***** The records *****

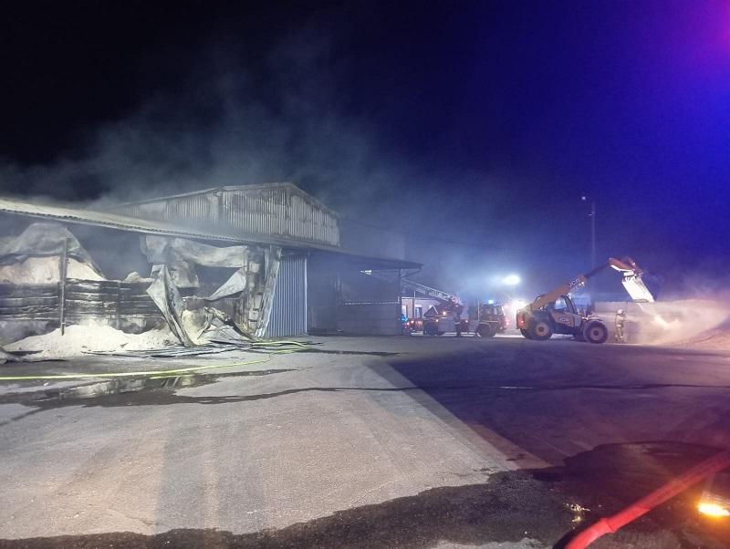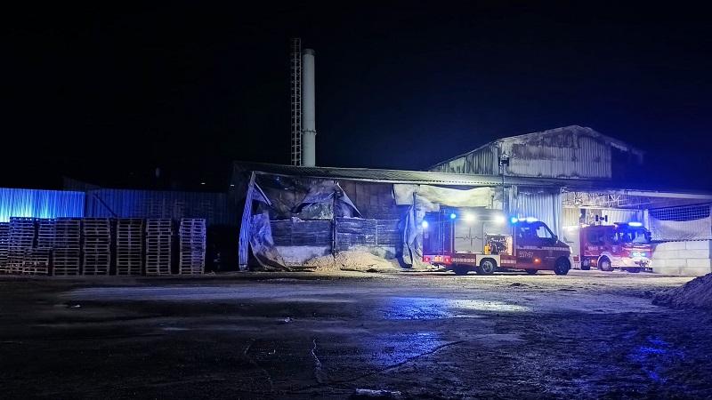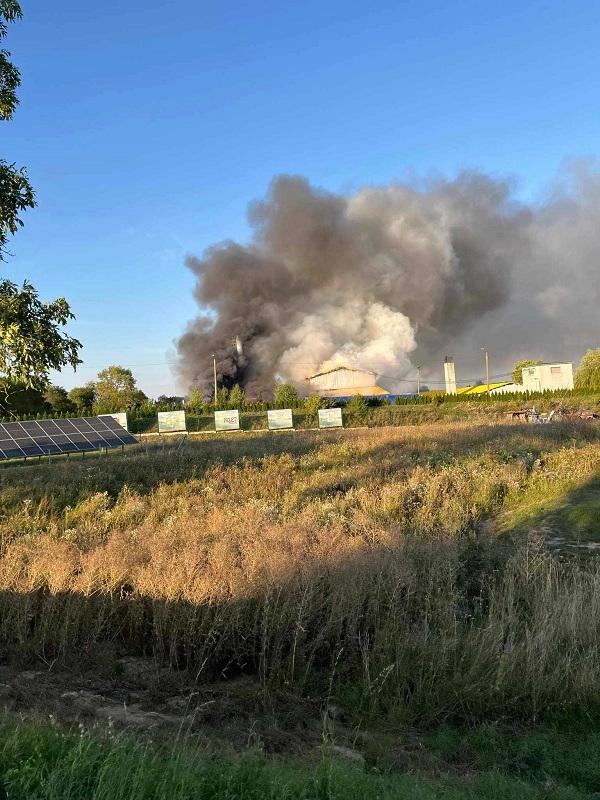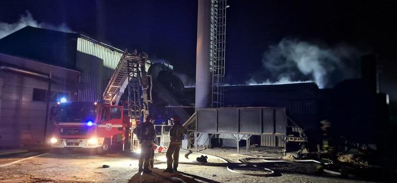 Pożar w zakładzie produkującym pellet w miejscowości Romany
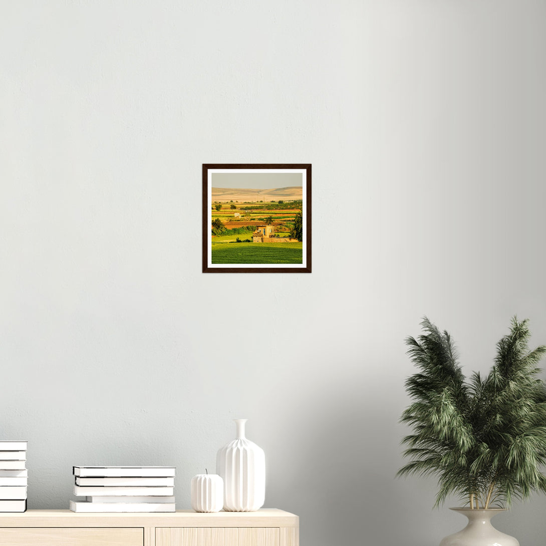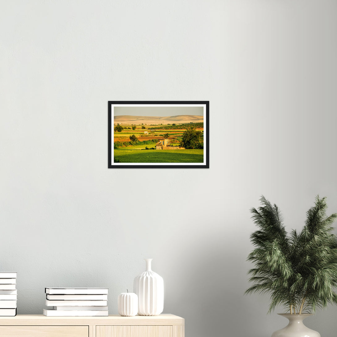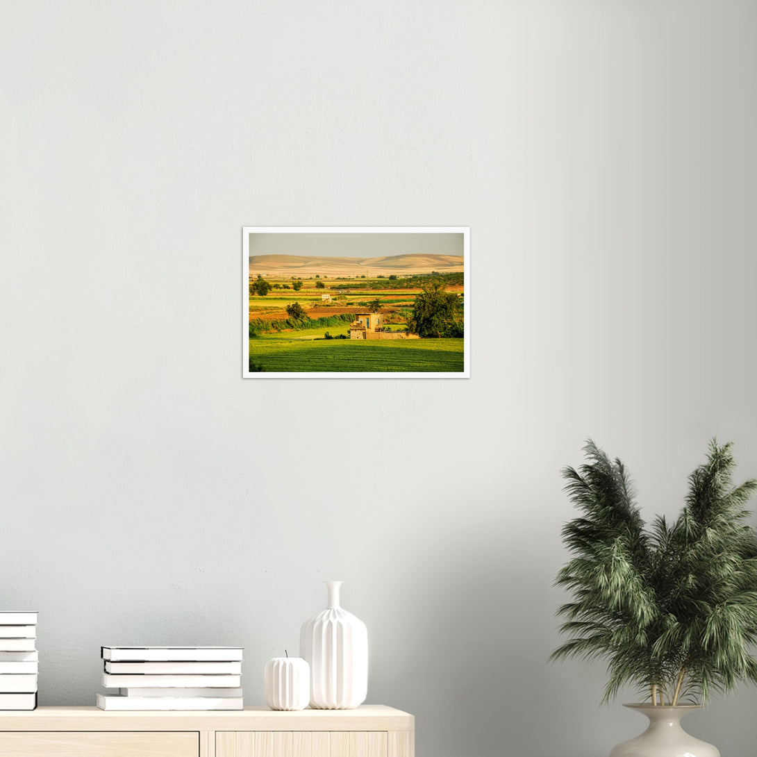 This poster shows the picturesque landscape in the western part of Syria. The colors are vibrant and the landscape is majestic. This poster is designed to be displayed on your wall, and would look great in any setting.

*****
***** The records *****

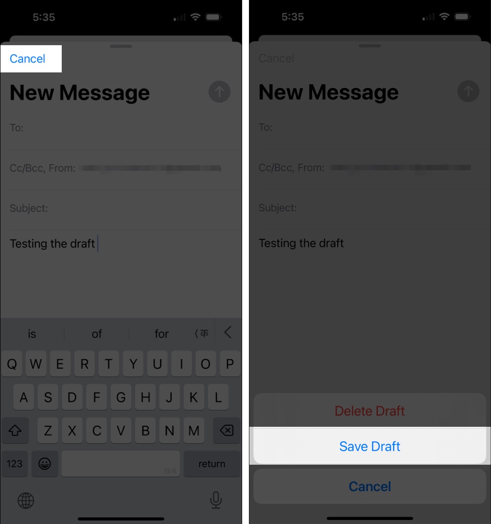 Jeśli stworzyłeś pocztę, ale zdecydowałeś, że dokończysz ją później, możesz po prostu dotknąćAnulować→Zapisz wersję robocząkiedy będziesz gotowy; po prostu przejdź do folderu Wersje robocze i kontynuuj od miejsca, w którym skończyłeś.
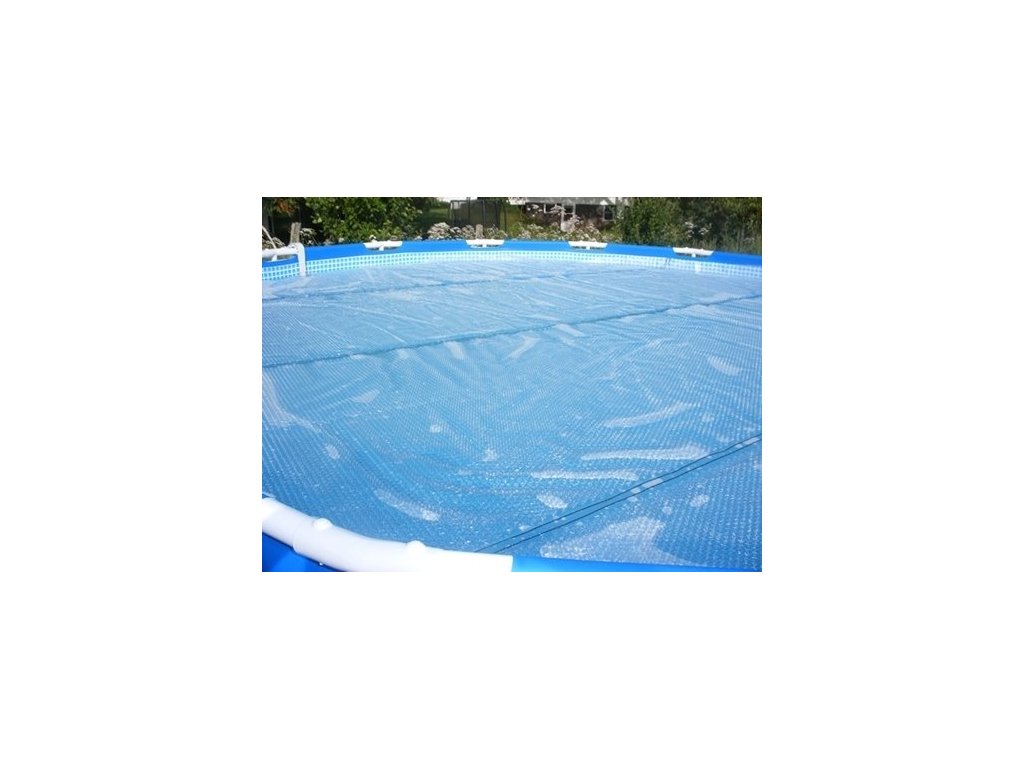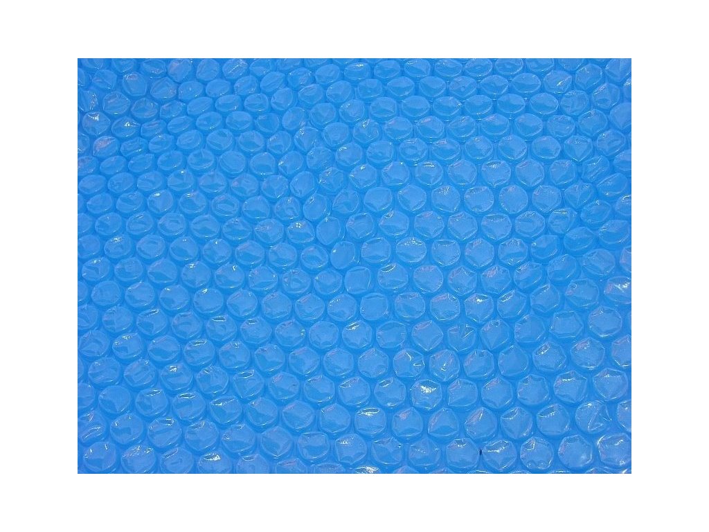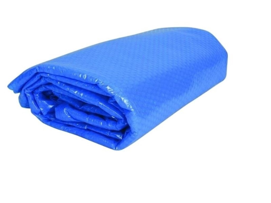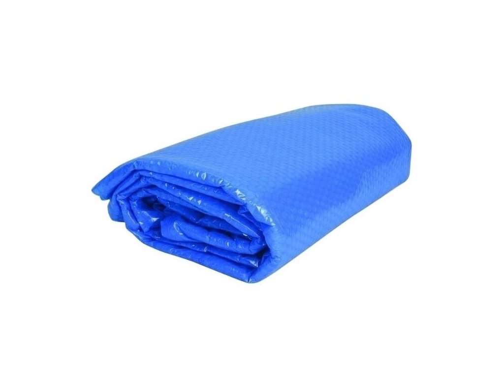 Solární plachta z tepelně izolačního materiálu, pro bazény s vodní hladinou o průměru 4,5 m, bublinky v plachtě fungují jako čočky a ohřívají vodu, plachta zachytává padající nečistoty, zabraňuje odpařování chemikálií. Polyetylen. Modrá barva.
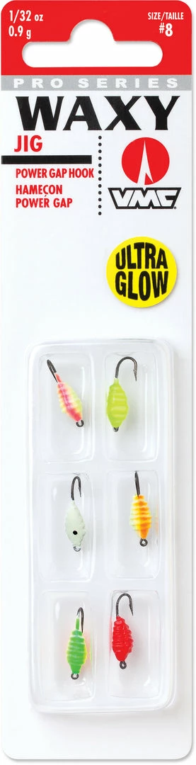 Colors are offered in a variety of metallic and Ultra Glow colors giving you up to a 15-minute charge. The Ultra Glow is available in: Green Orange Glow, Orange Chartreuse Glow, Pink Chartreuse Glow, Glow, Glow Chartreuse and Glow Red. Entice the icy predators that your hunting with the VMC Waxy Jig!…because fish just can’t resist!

*****
***** The records *****

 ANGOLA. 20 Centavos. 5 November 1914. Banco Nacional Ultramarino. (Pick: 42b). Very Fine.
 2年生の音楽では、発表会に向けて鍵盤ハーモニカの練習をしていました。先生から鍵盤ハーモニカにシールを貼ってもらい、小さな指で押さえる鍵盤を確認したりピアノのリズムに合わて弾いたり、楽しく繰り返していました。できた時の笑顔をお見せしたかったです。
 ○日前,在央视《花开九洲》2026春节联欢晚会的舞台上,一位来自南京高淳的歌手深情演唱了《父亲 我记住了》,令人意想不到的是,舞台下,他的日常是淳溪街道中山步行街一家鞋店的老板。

*****

• Exercise directions
Give back exactly the lines above from the one with "Solární plachta z" through the one with "Colors are offered", both included. Pictures don't belong in the copy.

• The answer
 Solární plachta z tepelně izolačního materiálu, pro bazény s vodní hladinou o průměru 4,5 m, bublinky v plachtě fungují jako čočky a ohřívají vodu, plachta zachytává padající nečistoty, zabraňuje odpařování chemikálií. Polyetylen. Modrá barva.
 Colors are offered in a variety of metallic and Ultra Glow colors giving you up to a 15-minute charge. The Ultra Glow is available in: Green Orange Glow, Orange Chartreuse Glow, Pink Chartreuse Glow, Glow, Glow Chartreuse and Glow Red. Entice the icy predators that your hunting with the VMC Waxy Jig!…because fish just can’t resist!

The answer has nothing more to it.